Victoria Silverwolf said:


> The complete series *Cheyenne*, which triggered off the big Western boom on American TV in the late 1950's to early 1960's.  Pretty decent show.  The hero is played by huge Clint Walker, who has a great deal of charisma.





"Hi, People call me Weston"


"People gonna be callin' you dead if you keep sneaking up on them like that"

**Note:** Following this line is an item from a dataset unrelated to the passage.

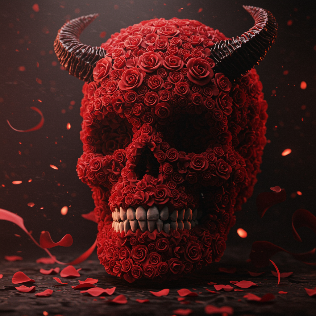 A hyperrealistic, intricately detailed artwork of a skull made of red roses, infused with elements of organic horror and devilish themes, evoking a sense of death and mystery. The composition centers around a masterful blend of baroque elegance and Art Nouveau style, drawing inspiration from artists like H.R. Giger, James Jean, Ed Blinkey, Greg Rutkowski, and Antonio Moro. Rendered in vivid, high-contrast colors with extremely sharp lines, the image exudes an epic and sensual cinematic atmosphere. Created using advanced digital techniques in 3ds Max, V-Ray, and Unreal Engine 5, with a touch of anime and manga influences, the piece radiates a faint, ethereal glow and features hand-drawn elements merged seamlessly with octane and cinema 4d rendering. The dramatic, photorealistic scene captures a dark and atmospheric essence, highlighting intense depth of field and sharp focus. This concept art, trending on ArtStation and CGSociety, embodies vivid colors and modelshoot style precision, with a professional touch reminiscent of Studio Ghibli and Jeremy Mann's works.

Great show, officially listed as a "Psychological Western" by TV Guide.


----------



## Rodders

AE35Unit said:


> Parks and recreation? ?


 
It's an American comedy. Quite funny, quite touching with great characters.


----------



## Foxbat

*The Witches *and *The Abominable Snowman*
A couple of Hammer productions that I can't remember ever seeing so looking forward to getting the time to view


----------



## Foxbat

*Spellbound*, *The Land The Time Forgot *and *King Kong Escapes*


----------



## jonsey80

I've got about 300ish of them, last one I bought was dune (sci fi channel)....tend to Farley buy any now


----------



## Foxbat

I bought this 4 film science Fiction DVD.
http://www.amazon.co.uk/dp/B00D9EJFZA/?tag=brite-21

The reason I did so is because of the inclusion of The *Time Travelers*. I already have a copy on DVD but it's fairly rare and I bought this as a backup - which is why I mention it here just in case anybody else wants to grab this.


----------



## Ringti

I got ahold of a cheap copy of the Cowboy Bebop movie this afternoon. Looking forward to watching it this evening.


----------



## Foxbat

Picked up season one of Rod Serling's *The Night Gallery*.
Really enjoying it so far


----------



## Foxbat

*Scarface* (the 1932 version) Haven't seen this one for many years so looking forward to making some time to watch it.


----------



## Mouse

I got Despicable Me 2, The Musketeers, and John Carter.


----------



## Foxbat

*Spider's Web *a serial from 1938 and often classed as one of the best ever made (apparently also the inspiration for Stan Lee's spiderman).


----------



## dask

How about VHF? Found these at a garage sale this morning for 25 cents each:


----------



## Rodders

I picked up a few movies this morning

Skyhook
RIpD. (Sometimes nonsense is just what the doctor ordered)
After Earth. 
Man of Steel
World War Z


----------



## Rodders

Veep series 2.


----------



## Rodders

Kick Ass 2 and Riddick.


----------



## dask




----------



## dask

Wasn't sure THE SPAGHETTI WEST was worth $8.50 for a second hand documentary even though it deals with a subject I've had an affinity for since I was about 12. After paying for STRAW DOGS (the unrated extended version) I went home and checked Amazon and found the cheapest copy they had cost $99! So I went back as you can see.


----------



## dask




----------



## Foxbat

*The Twilight Zone Season 5* This completes my collection of the original series.


----------



## Rodders

I've bought a few British comedies that I haven't seen yet. Bluestone 42, Gary: Tank Commander, Friday Night Dinner, The Job Lot and Chickens.


----------



## Victoria Silverwolf

There was a classified ad in the newspaper offering $200.00 of credit at a local used book/CD/DVD store for $100.00. We took the offer and got some stuff at the place. The book selection was not great, so the bulk of it went to nostalgia. We got the complete series of Bewitched and I Dream of Jeannie on DVD. Lots of very light viewing ahead.


----------



## Foxbat

*The Singing Ringing Tree* when I saw it on sale for a fiver, I had to have it


----------



## Rodders

The complete Curb Your Enthusiasm. I'm looking forward to this as i have seen and enjoyed a few, but haven't seen many episodes so this is practically a brand new discovery. 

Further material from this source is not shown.